Each row of this file contains the following values separated by commas:
- target: the polarity of the tweet (0 = negative, 4 = positive)
- ids: The id of the tweet
- date: the date of the tweet
- flag: The query. If there is no query, then this value is NO_QUERY.
- user: the user that tweeted
- text: the text of the tweet
Take a look at the first two examples:
SENTIMENT_CSV = "./data/training_cleaned.csv"
with open(SENTIMENT_CSV, 'r') as csvfile:
print(f"First data point looks like this:\n\n{csvfile.readline()}")
print(f"Second data point looks like this:\n\n{csvfile.readline()}")
'''
First data point looks like this:
"0","1467810369","Mon Apr 06 22:19:45 PDT 2009","NO_QUERY","_TheSpecialOne_","@switchfoot http://twitpic.com/2y1zl - Awww, that's a bummer. You shoulda got David Carr of Third Day to do it. ;D"

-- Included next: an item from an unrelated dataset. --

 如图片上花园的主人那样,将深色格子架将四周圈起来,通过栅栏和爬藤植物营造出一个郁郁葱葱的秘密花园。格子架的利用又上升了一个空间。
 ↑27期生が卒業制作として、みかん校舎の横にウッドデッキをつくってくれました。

Second data point looks like this:
"0","1467810672","Mon Apr 06 22:19:49 PDT 2009","NO_QUERY","scotthamilton","is upset that he can't update his Facebook by texting it... and might cry as a result School today also. Blah!"
'''
Notice that this file does not have a header so you won't need to skip the first row when parsing the file.

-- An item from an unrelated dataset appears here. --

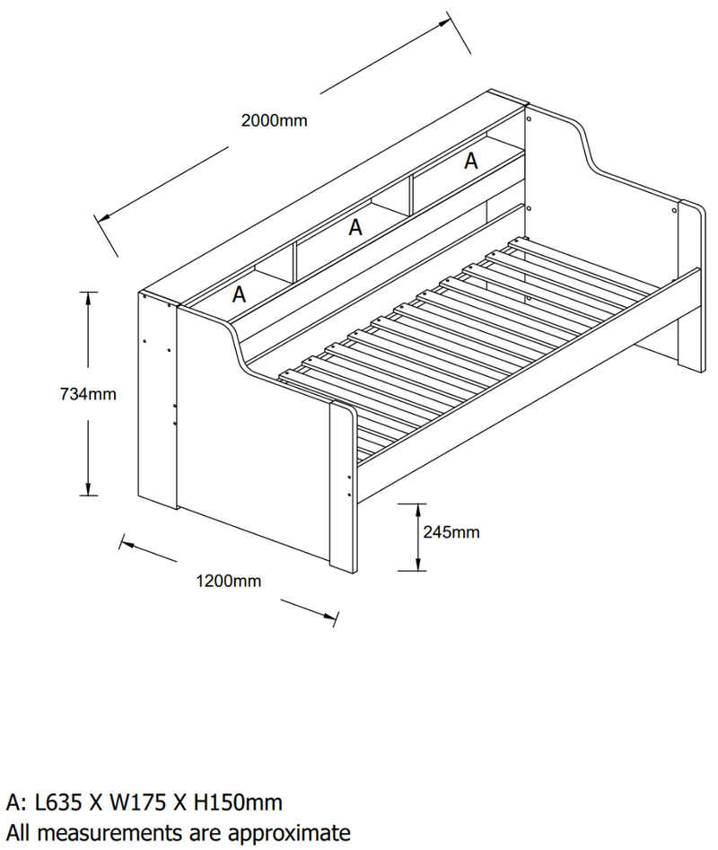 Built in Storage Shelves - Designed with three integrated shelving spaces, this bed offers a smart storage solution for books, toys, or bedside essentials, perfect for maximising space in smaller bedrooms.

For the task at hand you will only need the information of the target and the text, which are the first and last element of each row.
Parsing the raw data
Now you need to read the data from the csv file. To do so, complete the parse_data_from_file function.
A couple of things to note:
- You should NOT omit the first line as the file does not contain headers.
- There is no need to save the data points as numpy arrays, regular lists is fine.
- To read from csv files use csv.reader by passing the appropriate arguments.
- csv.reader returns an iterable that returns each row in every iteration. So the label can be accessed via row[0] and the text via row[5].
- The labels are originally encoded as strings ('0' representing negative and '4' representing positive). You need to change this so that the labels are integers and 0 is used for representing negative, while 1 should represent positive.
def parse_data_from_file(filename):
"""
Extracts sentences and labels from a CSV file
Args:
filename (string): path to the CSV file
Returns:
sentences, labels (list of string, list of string): tuple containing lists of sentences and labels
"""
sentences = []
labels = []
with open(filename, 'r', encoding='utf8') as csvfile:
### START CODE HERE
reader = csv.reader(csvfile, delimiter=',')
for row in reader:
sentences.append(row[5])
if row[0] == '0':
labels.append(0)
else:
labels.append(1)
### END CODE HERE
return sentences, labels
# 로컬에서 with open으로 열 때는 데이터 row 수가 1599171라서 pandas로 수정한 후 돌림
Expected Output:
dataset contains 1600000 examples
Text of second example should look like this: is upset that he can't update his Facebook by texting it... and might cry as a result School today also. Blah!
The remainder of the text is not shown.